I'm not into the whole idea that one simply eats to live, because I live to eat. That has made me an adventurous cook. While I love meatloaf and spaghetti and meatballs as much as the next person, I almost never cook them. (Besides, Neal does a much better job at both dishes than I do.) I prefer to make things that are a little more unusual than what one would expect a second generation Polish-American to make: octopus; egg foo yung; b'stilla; rasgulla.

Rasgulla is an Indian dessert, basically cheese balls cooked in a sweet syrup. I found the recipe in Chetna Makan's book The Cardamom Trail. Chetna was a contestant on the 2014 season of the Great British Bake-Off and an even more recent Christmas special. Trained as a fashion designer in Mumbai, she moved to the UK a decade or so ago where she honed her already keen talent for baking. She's known for incorporating exotic spices and international flavors into her bakes, and her creativity quickly made her my favorite contestant of the four seasons of the Bake-Off that I've seen so far. I purchased her book as a Christmas gift to myself but so far haven't made anything other than the rasgulla. Why? Because most of the recipes call for self-raising flour, and I've been too lazy to look up the conversion to regular AP flour. Plus, the house has been full of holiday baked goods and food show samples and there hasn't been room for one more pie or cake or cookie in our already oversized bellies. That said, I'm hoping to try something before it gets too warm to turn on the oven.

In the meantime, however, I did find time to make these cheese balls. No self-raising flour required, and they sounded pretty simple otherwise. They're rather unusual, in that the cheese becomes very firm and "squeaky" after cooking. I find them most pleasing when warm, but they can also be eaten at room temperature or chilled.

Rasgulla (adapted from The Cardamom Trail)

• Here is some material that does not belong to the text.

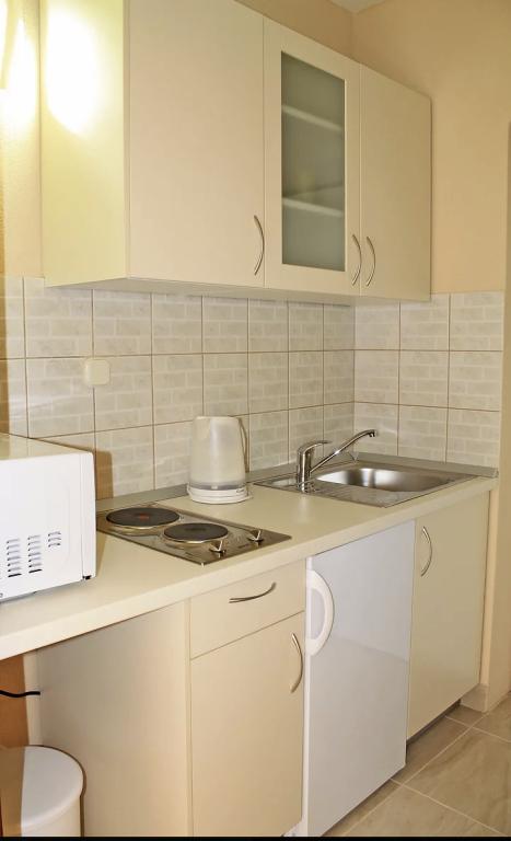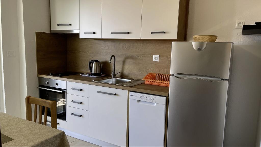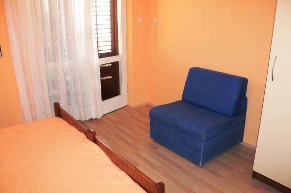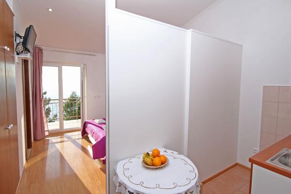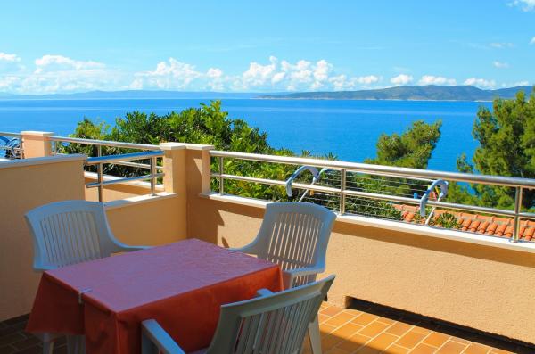Stigli smo s odmora i odmah pišemo recenziju. Soba: sve odgovara fotografiji. Soba je prostrana, čista. Svijetla. Mala kuhinja sa svim kuhinjskim priborom i posuđem. Hladnjak, mikrovalna pećnica, električno kuhalo za vodu, TV, klima uređaj. A pogled s balkona je prekrasan. Bilo je jako ugodno sjediti na balkonu navečer. Kad smo stigli, domaćica nas je dočekala i ponudila nam osvježavajuća pića s ceste. Vrlo ljubazni domaćini, koji su se pobrinuli da nam bude ugodno tijekom odmora. Sami apartmani su u prvoj liniji, morate se penjati stepenicama. vrsta dnevne vježbe. Za starije osobe penjanje će biti teško. Tražili smo apartmane dalje od centra Brela. Željeli smo tišinu i dobili smo je. U ovom dijelu Brela je mirno. Sve nam se svidjelo. Preporučujemo ove apartmane za opuštanje. I Brela općenito.

1-2 tablespoons lime juice
1 3/4 pints whole milk
Pinch saffron
1 cup sugar
2 teaspoons rosewater
1 tablespoon cornstarch

Mix 1 tablespoon of lime juice with 1 tablespoon of water in a bowl and set aside. Bring the milk to a boil in a large saucepan, then turn off the heat. Add the saffron. Pour in the lime juice and stir well. Let stand for 5 minutes - the milk should curdle. If it hasn't curdled enough, add the other tablespoon of lime juice and wait a few more minutes until there's a definite separation of the curds and whey.

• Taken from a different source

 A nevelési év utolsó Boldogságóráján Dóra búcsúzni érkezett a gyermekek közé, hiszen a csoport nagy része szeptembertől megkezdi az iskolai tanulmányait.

Place a layer of cheesecloth in a fine gauge strainer and place over a bowl. Carefully pour the curdled milk into the strainer, catching the curds in the cheesecloth and allowing the whey to drain into the bowl. Gather the ends of the cloth together and wring out as much liquid from the curds as you can. Drain the whey from the bowl, set the strainer back on top, and place the bundle of squeezed curds back in. Place a small plate on top and weight it down with a can or two to help press out any excess liquid. Allow to drain for 15 minutes.

In a wide pan, heat the sugar with three cups of water until the sugar has dissolved. Remove the syrup from the heat.

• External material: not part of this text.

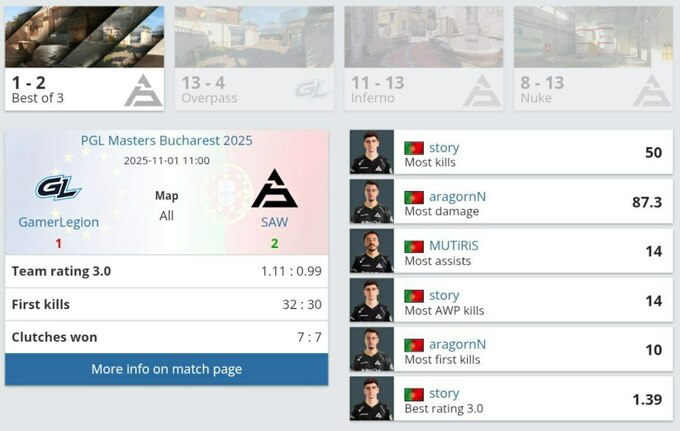 Команда SAW заняла третье место на PGL Masters Bucharest 2025, обыграв GamerLegion со счетом 2:1. Португальцы проиграли на Overpass (4:13), но сумели переломить ход матча на Inferno (13:11) и Nuke (13:8).

Remove the curd from the cloth. Place it on a clean surface, sprinkle with the cornstarch, and knead with your palms for 10 minutes. It will go from crumbly to soft and smooth. Roll the dough into a fat log and cut into 20 pieces. Roll each piece into a smooth ball.

Once the balls are ready, bring the syrup to a boil and add the rosewater. Add the balls, then cover the pan and cook over medium heat for 15 minutes. The rasgulla will double in size and become spongy. Turn off the heat and keep the balls in the syrup until ready to serve.

Serve warm with or chilled with some of the syrup. Leftovers can be stored in the syrup in an airtight container for up to three days.